Repeat what the lines below say, word for word, and skip every image.

▶ _EXERCISE DATA_:
Content starts

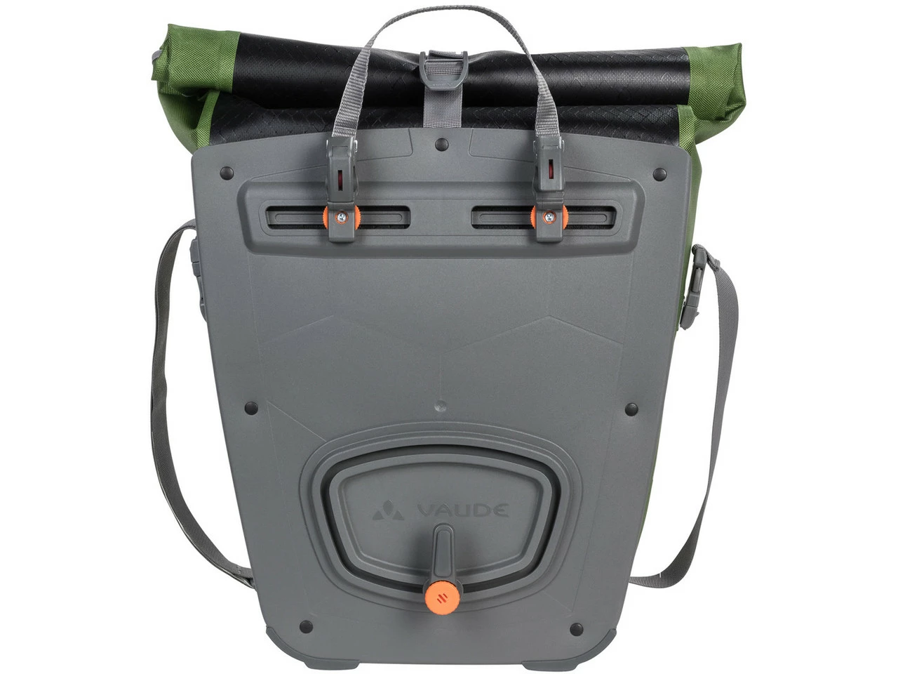 Die wasserdichte Hinterradtasche mit dezentem Printaufdruck wird aus robustem, PVC-freiem Planen-Material klimaneutral am deutschen VAUDE-Standort in der Nähe des Bodensees hergestellt. Sie lässt sich durch den Wickelverschluss auf individuelle Größen bringen und absolut dicht verschließen. Für Übersichtlichkeit sorgt eine einfache Innentasche. Die Radtasche wird mit dem QMR 2.0-System und stabiler Rückenplatte rechts oder links am hinteren Gepäckträger befestigt, ist einfach über ein Handrädchen justierbar und lässt sich schnell und einfach abnehmen. Mit einem Fahrradschloss kann sie direkt am QMR-Haken verriegelt werden. Reflexelemente sorgen für eine gute Sichtbarkeit im Straßenverkehr.
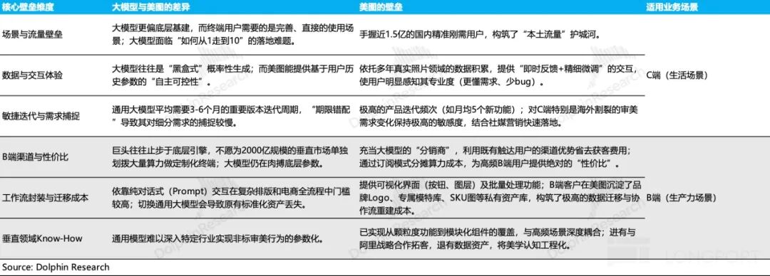 A) On the C-end, Dolphin Research still believes that Meitu's foundational 'editor' functionality provides 'autonomy and controllability,' which can retain moderate and heavy users in the short term (medium to long term depending on the pace of AI development), ensuring stable user retention. Since image editing inherently relies on subjective user judgment, which is non-standardized, interactions with large models via natural language still involve hallucinations and uncertainties.
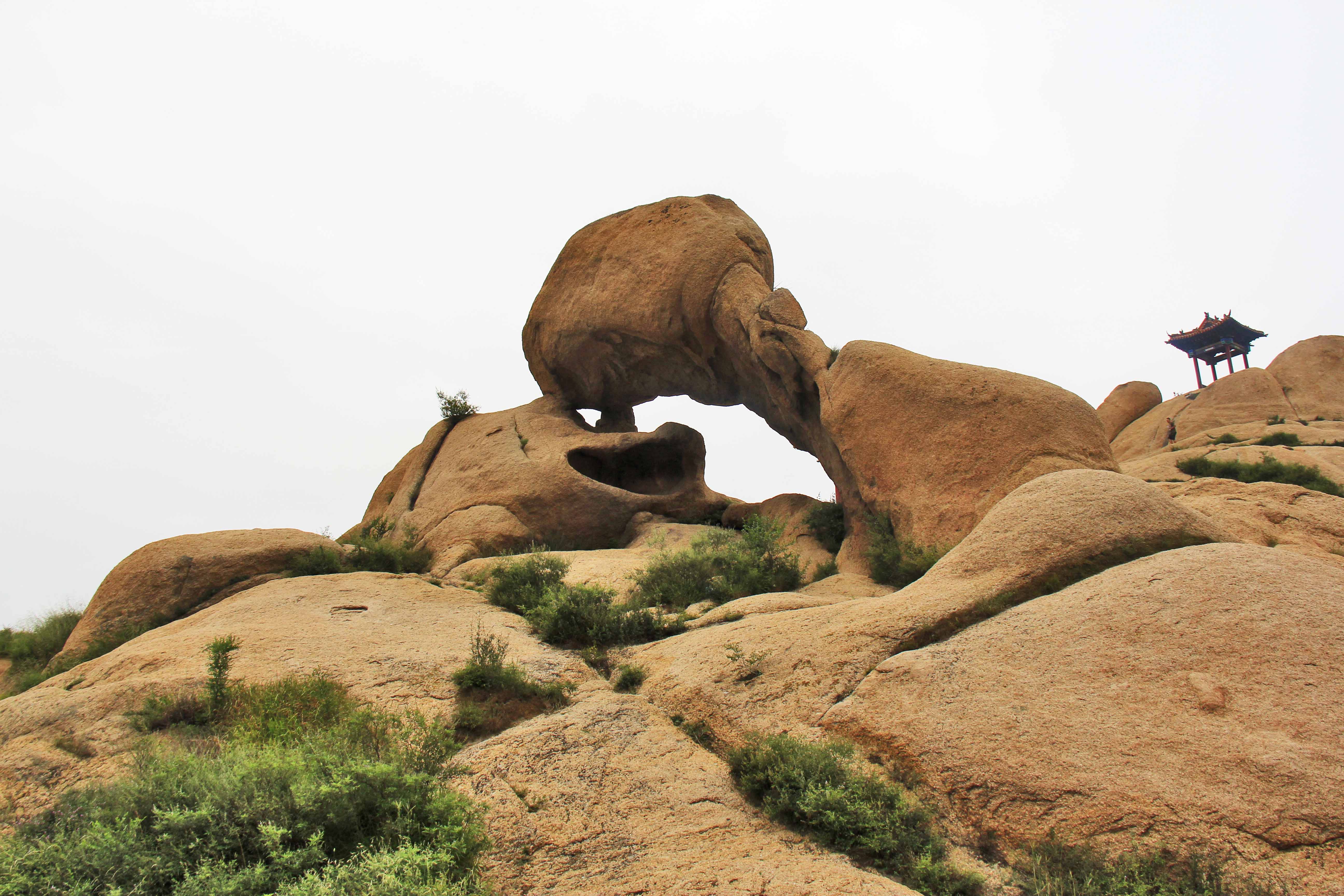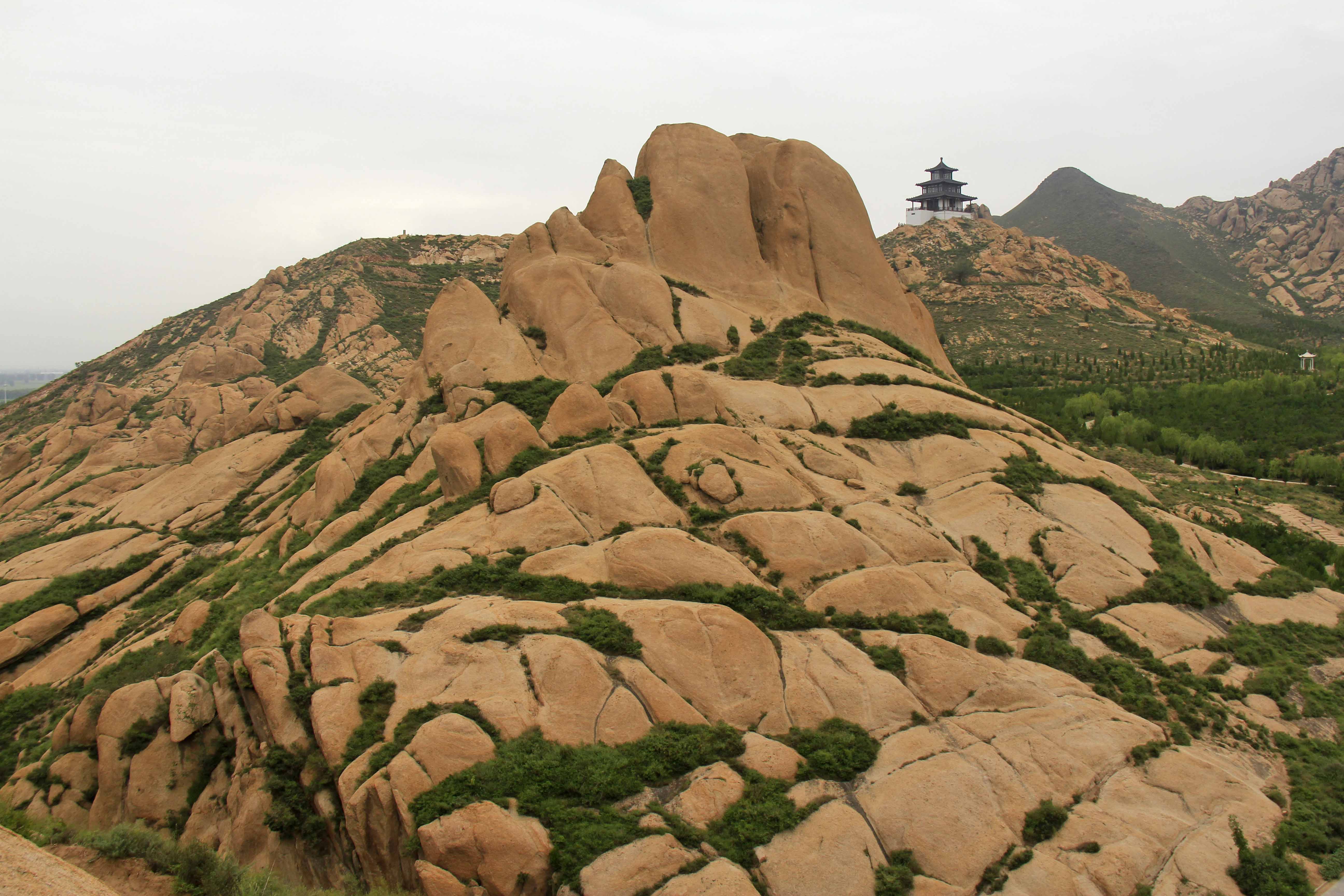 原平天涯山花岗岩出露范围46平方千米,基岩为变质中酸性侵入岩,包括变质巨斑状黑云母(斜长)花岗岩与变质巨斑状黑云母二长花岗岩两种岩性,主要发育莲花山及石鼓石象形石。

Content ends

▶ _SOLUTION FOR THIS EXERCISE_:
 Die wasserdichte Hinterradtasche mit dezentem Printaufdruck wird aus robustem, PVC-freiem Planen-Material klimaneutral am deutschen VAUDE-Standort in der Nähe des Bodensees hergestellt. Sie lässt sich durch den Wickelverschluss auf individuelle Größen bringen und absolut dicht verschließen. Für Übersichtlichkeit sorgt eine einfache Innentasche. Die Radtasche wird mit dem QMR 2.0-System und stabiler Rückenplatte rechts oder links am hinteren Gepäckträger befestigt, ist einfach über ein Handrädchen justierbar und lässt sich schnell und einfach abnehmen. Mit einem Fahrradschloss kann sie direkt am QMR-Haken verriegelt werden. Reflexelemente sorgen für eine gute Sichtbarkeit im Straßenverkehr.
 A) On the C-end, Dolphin Research still believes that Meitu's foundational 'editor' functionality provides 'autonomy and controllability,' which can retain moderate and heavy users in the short term (medium to long term depending on the pace of AI development), ensuring stable user retention. Since image editing inherently relies on subjective user judgment, which is non-standardized, interactions with large models via natural language still involve hallucinations and uncertainties.
 原平天涯山花岗岩出露范围46平方千米,基岩为变质中酸性侵入岩,包括变质巨斑状黑云母(斜长)花岗岩与变质巨斑状黑云母二长花岗岩两种岩性,主要发育莲花山及石鼓石象形石。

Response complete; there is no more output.